TASK BRIEF.
Where in the records does the word "activitats" appear? Copy each line that holds it.

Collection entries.

##########

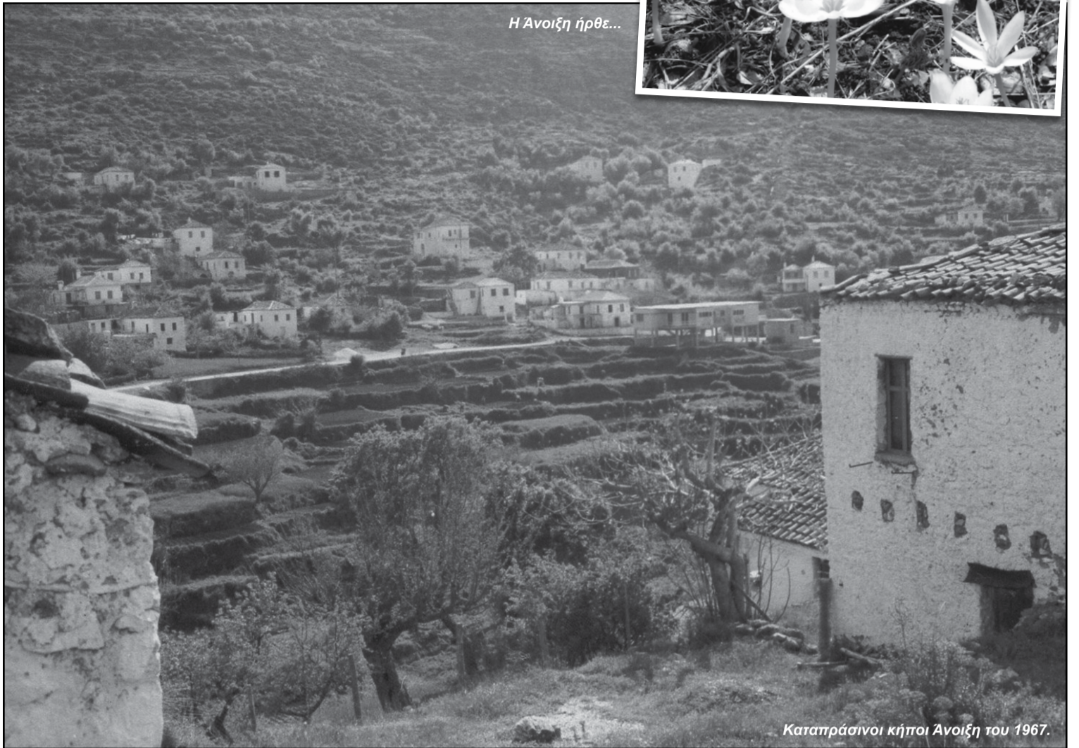
Η Άνοιξη ήρθε...
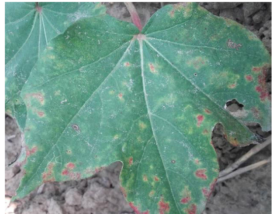
हरा तेला एवं मरोडिया
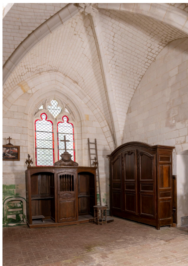
Vue générale de la première travée de la chapelle sud. IVR32_20236000771NUCA
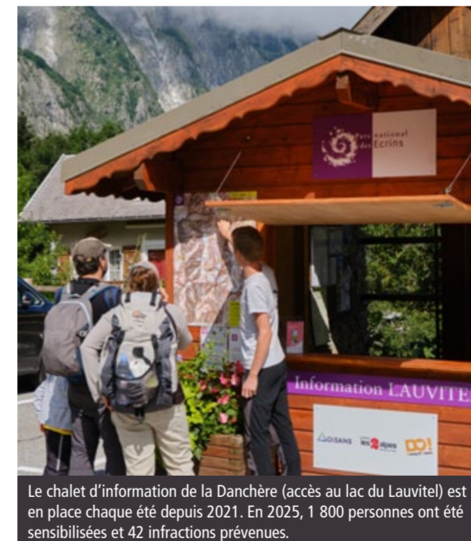
Le chalet d'information de la Danchère (accès au lac du Lauvitel) est en place chaque été depuis 2021. En 2025, 1 800 personnes ont été sensibilisées et 42 infractions prévenues.

Si la sensibilisation et la pédagogie sont au cœur des missions des gardes-moniteurs, elles ne suffisent pas toujours à empêcher les infractions. Celles-ci sont détectées grâce à des tournées de surveillance régulières et
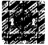
Zoraida Avalos Rivera Fiscal de la Nación

A handwritten signature in black ink, appearing to read "Zoraida Avalos Rivera".
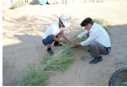
Тал бұрау дайындау әдісі
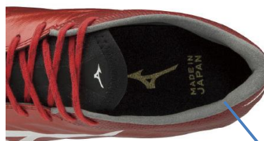
スウェード調の素材
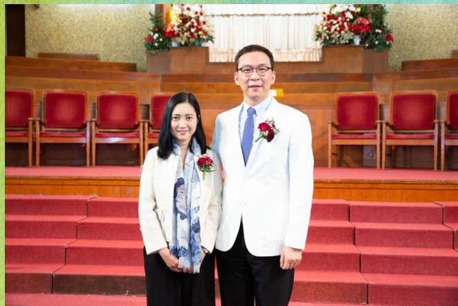
陳牧師與師母 攝於按立禮

信望愛，是我們前行的方向和動力。在2022年12月26日本人被按立為牧師之後，也常提醒自己，侍奉人生必須常被信望愛所充滿和引導，方能承擔更重的職事。盼望在新一年中，我們也以此互相勉勵，成為更有感染力的群體，繼續努力把福音傳開！
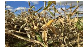
国産子実トウモロコシ
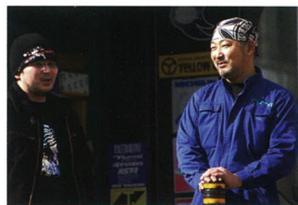
集まるのはVMAX好きだけではない。ビッグバイクは分け隔てなく扱う。写真左側のお客さんは現行Z1000のオーナー。ニューテックを使うキッカケも、この人がススメたことから。

すい。現にウチにやってくるミッションコンラブルの例は、1〜2速のドグやボスが傷んでいることが多いです」 それがニューテックのオイルを使い出してから、旧さを感じるエンジンをウマクバランスさせることができるようになってきたという。ニューテックのオイルは、流動性が高い(柔らかい)割りには油膜が強力なのが特徴。一般的には、流動性が高ければ、ピストンリングとシリンダー間など、クリアランスの大きいエンジンではオイルが燃焼室に吹き抜けてしまい、一緒に燃えることでオイル喰いが激しくなる傾向がある。それゆえ硬めのオイルを使うのだが、その弊害は先に述べたとおり。ところがニューテックはその吹き抜けが少なく、現にVMAXのエンジンオイルの消耗スピードがこれまでのもものモノに比べ落ちたという。
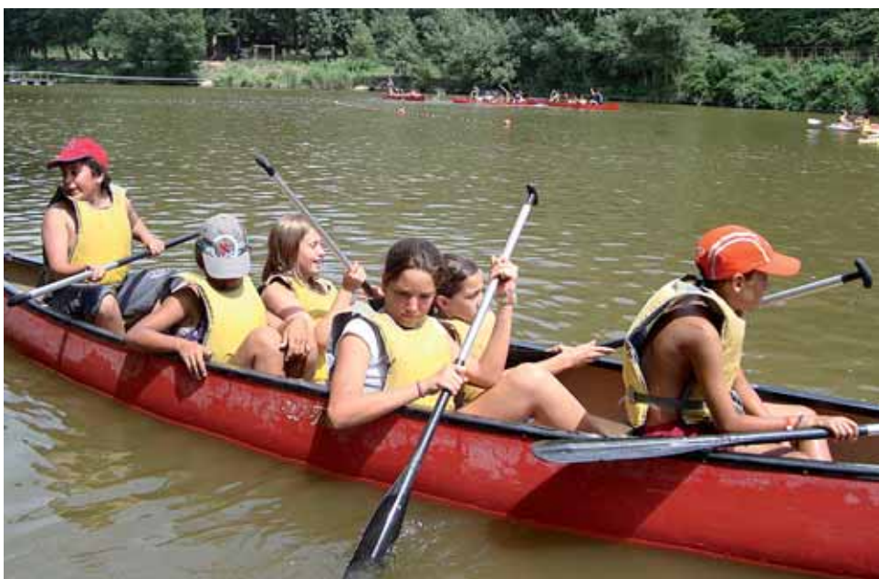
Una de les activitats dutes a terme l'estiu passat dins el Fakaló.

El Fakaló 2010 engloba el Casal d'Estiu i el Campus Esportiu, les activitats d'estiu per a infants i joves del Masnou. El Casal d'Estiu Infantil és per a infants nascuts del 1998 al 2006, i el Campus Esportiu és per a nois i noies nascuts entre el 1994 i el 2000 que, al llarg d'aquest juliol, participaran en un ampli ventall d'activitats.
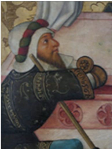
Garde assistant à la Résurrection du Christ 1460
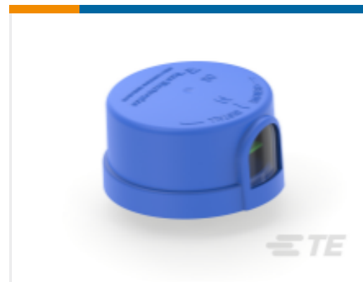
TE 产品编号BB3399-000 ALR-8090-VFS
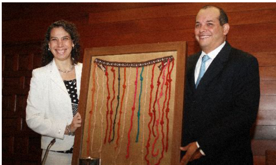
Ministro de Economía, Luis Miguel Castilla y titular del Midis, Carolina Trivelli lanzaron “Comisión Quipu”

“El MEF y el Midis están de la mano como socios estratégicos. Ello demuestra un cambio en las prioridades, un alineamiento importante en políticas públicas. Lo fundamental es trabajar en conjunto para lograr políticas públicas especialmente dirigidas a aquellos segmentos más pobres de la población, y que el objetivo de la inclusión social se materialice”, indicó Castilla Rubio. Explicó que la labor de la Comisión Quipu
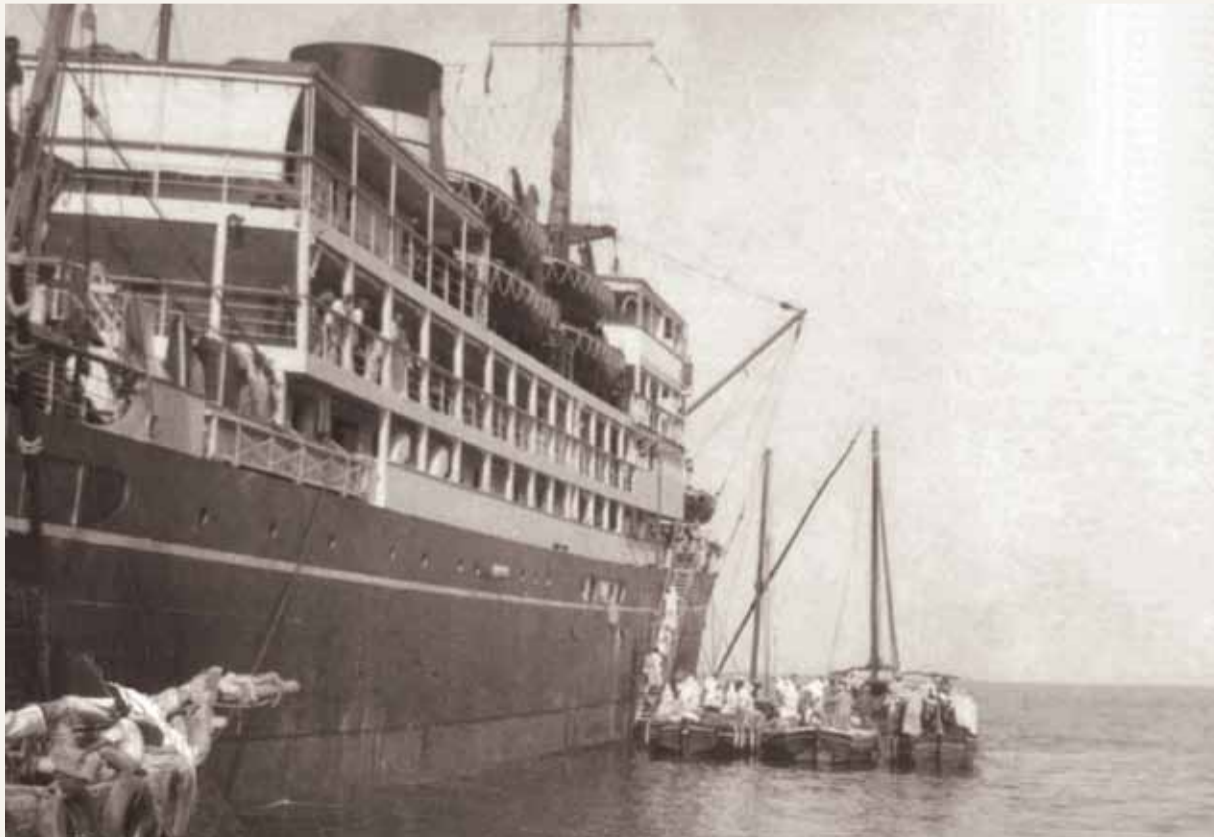
تفريغ السفن في مرسى في شمال المنامة
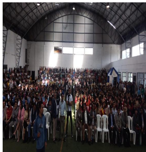
SOCIALIZACIÓN PRESUPUESTO PARTICIPATIVO PARROQUIA DE CANGAHUA
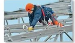
Work at height
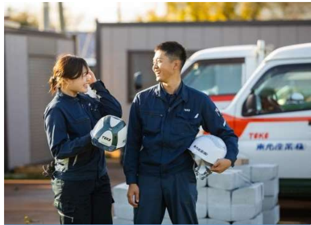
橋梁補修現場で活躍する若手社員

また、こどもの貧困問題や環境問題への意識を高め、地域課題を解決するための活動にも力を入れています。
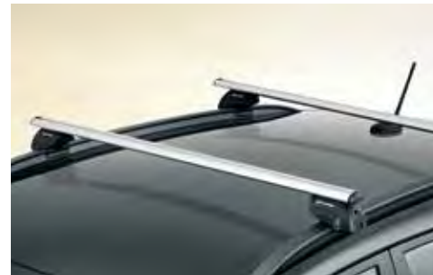
4. Dakdragerset, aluminium (leverbaar medio 2024)
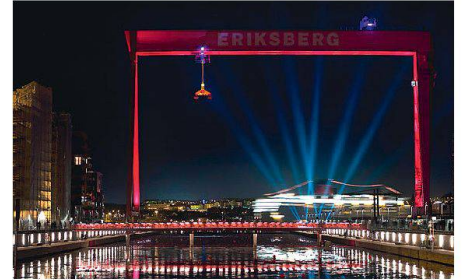
03 Göteborgs Stadterweiterung Västra Eriksberg

borg (S). In ihrer Begründung lobte die Jury Luzerns ausgeklügelte Anwendung von Beleuchtung zur Verwandlung von urbanem Erleben. Sie würdigte die gelungene Hervorhebung des Charakters der Stadt, während gleichzeitig Streulicht minimiert wird. Das südwestfranzösische Pau erhielt den zweiten Preis für die Ausleuchtung des historischen Schlosses, das heute als Museum genutzt wird. Der Ersatz für eine dreissig Jahre alte Beleuchtungsinstallation bringt laut Jury «überliefertes Erbe und Nachhaltigkeit in ein optimales Gleichgewicht». Die Göteborger Planenden zielten mit ihrem Projekt hingegen
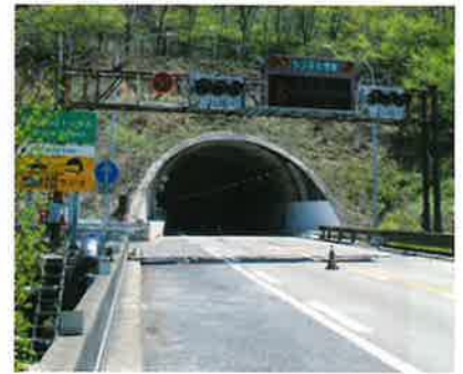
参考:トンネル入口信号
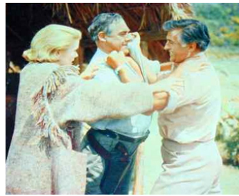
1954 L'ÉMERAUDE TRAGIQUE (Green Fire) d'Andrew Marton avec Grace Kelly, P. Douglas
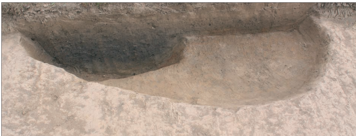
Sl. 4 Presjek zapuna jame SJ 1223 vinkovačke kulture.

Fig. 4 Section of the fills of pit SU 1223 of the Vinkovci culture.
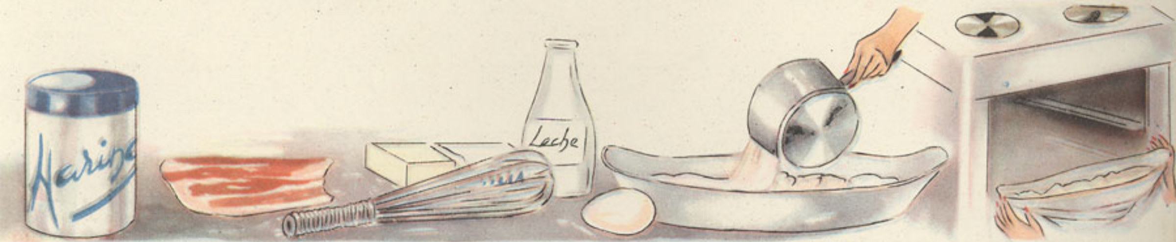
1 cucharada de harina 50 gramos jamón 30 gramos mantequilla leche huevo duro vertido de la bechamel horno
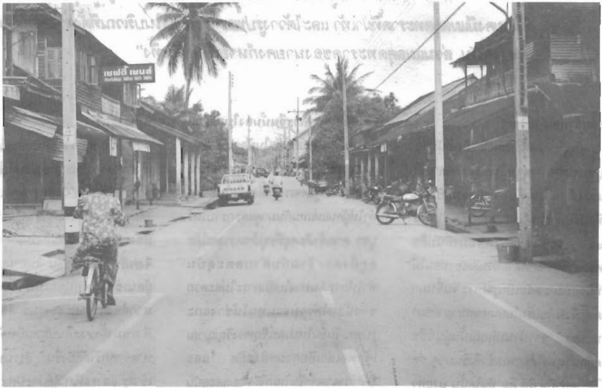
ถนนไปสู่น้ำตกหน้าผากบุรี
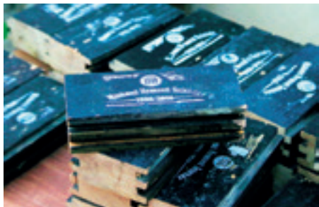
► Színpadpadlók emlékébe

„Na, sziasztok, megyek a megtisztelő padlóra” – mondta kislányunk nyolcévesen, mikor a Miskolci Nemzeti Színház A dzsungel könyve c. előadásában szerepelhetett. Természetesen a „világot jelentő deszkák” lett volna a helyes kifejezés, csak az nem ugrott be neki hirtelen, így „költött” másikat. Most pedig – majd’ tíz év elteltével – szép emlékként ebből a padlóból kerülhetett egy darabka a polcára.
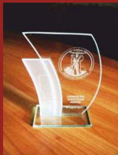
Trofeul "Fabricat in Arges"
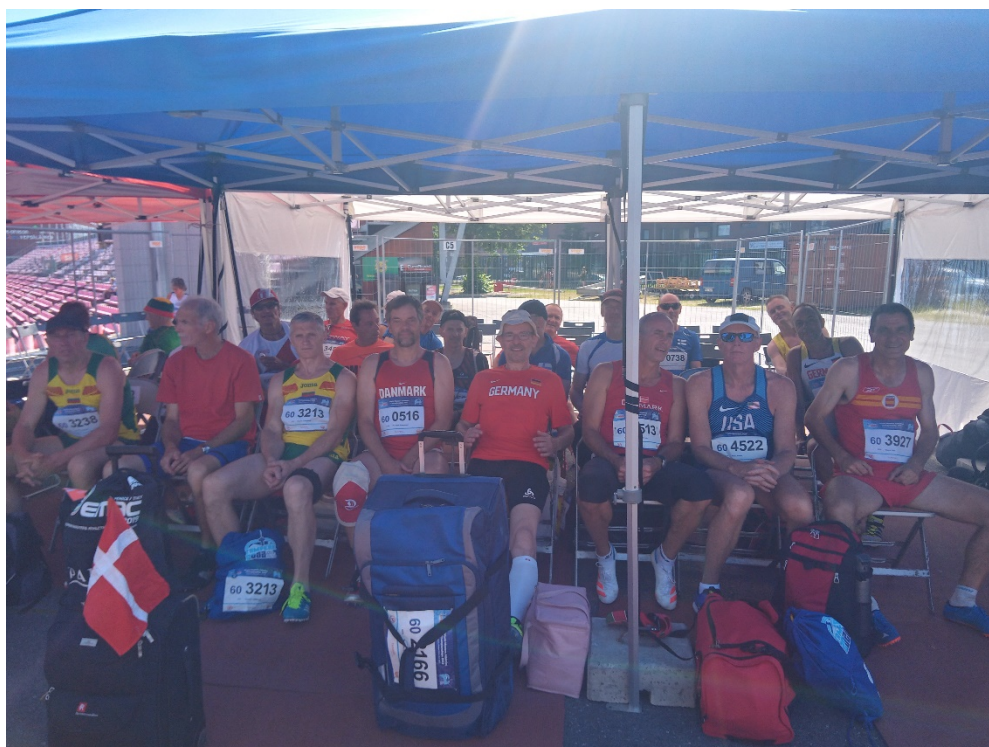
Atletes decatlló M60 esperant a la Cambra de Requeriments

Al contrari d'altres campionats, l'organització no es va complicar la vida i no va oferir el servei de poder menjar al mateix estadi, tan útil els dies que s'ha de dinar allà, però en aquest cas, i per la proximitat d'altres restaurants a la zona, com a dins el mateix Ratina shopping center, aquest problema quedava resolt.
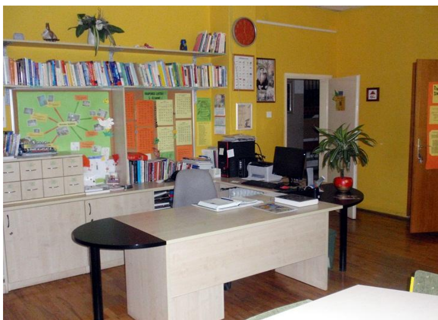
Slika 3. Info pult i radni stol knjižničarke

Ulaskom u knjižnicu korisnik prvo nailazi na informacijski pult (Slika 3), koji ujedno služi i kao stol za posudbu i rad knjižničara. Na stolu je računalo koje je namijenjeno samo knjižničaru za obavljanje poslova vezanih uz školsku knjižnicu. Pokraj stola knjižničara nalazi se ormar sa raznom tehničkom opremom kao što su 5 CD playera, 2 LCD projektora, razglas, televizor, DVD player i VHS player. Neknjižni fond sadrži 189 komada VHS-a, 206 DVD-a, 56 komada CD-a, 17 komada CD-ROM-a, i 2 komada DVD-ROM-a.
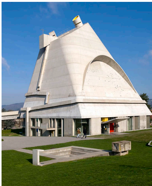
Saint-Pierre de Firminy Church, Frankrike
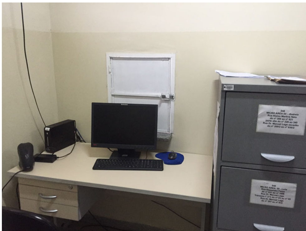
Sala Central de Marcação de Consultas
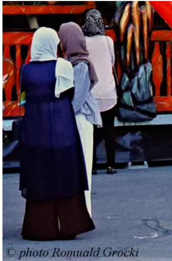
Rysunek 1. Typowy ubiór kobiety muzułmańskiej

Będąc w temacie praw kobiet trzeba poruszyć wątek zakrycia ciała kobiety, ponieważ każdy kto zna zasady islamu tylko z mass mediów twierdzi, że jest to nieodłączna część życia kobiety. Koran mówi o tym w sposób bardzo prosty: kobieta, kiedy się modli zwraca się bezpośrednio do Boga, powinna zatem zakryć głowę i ubrać coś, co nie uwidacznia jej kształtów.

##########

SOLUTION TO THE EXERCISE.
Una de les activitats dutes a terme l'estiu passat dins el Fakaló.
El Fakaló 2010 engloba el Casal d'Estiu i el Campus Esportiu, les activitats d'estiu per a infants i joves del Masnou. El Casal d'Estiu Infantil és per a infants nascuts del 1998 al 2006, i el Campus Esportiu és per a nois i noies nascuts entre el 1994 i el 2000 que, al llarg d'aquest juliol, participaran en un ampli ventall d'activitats.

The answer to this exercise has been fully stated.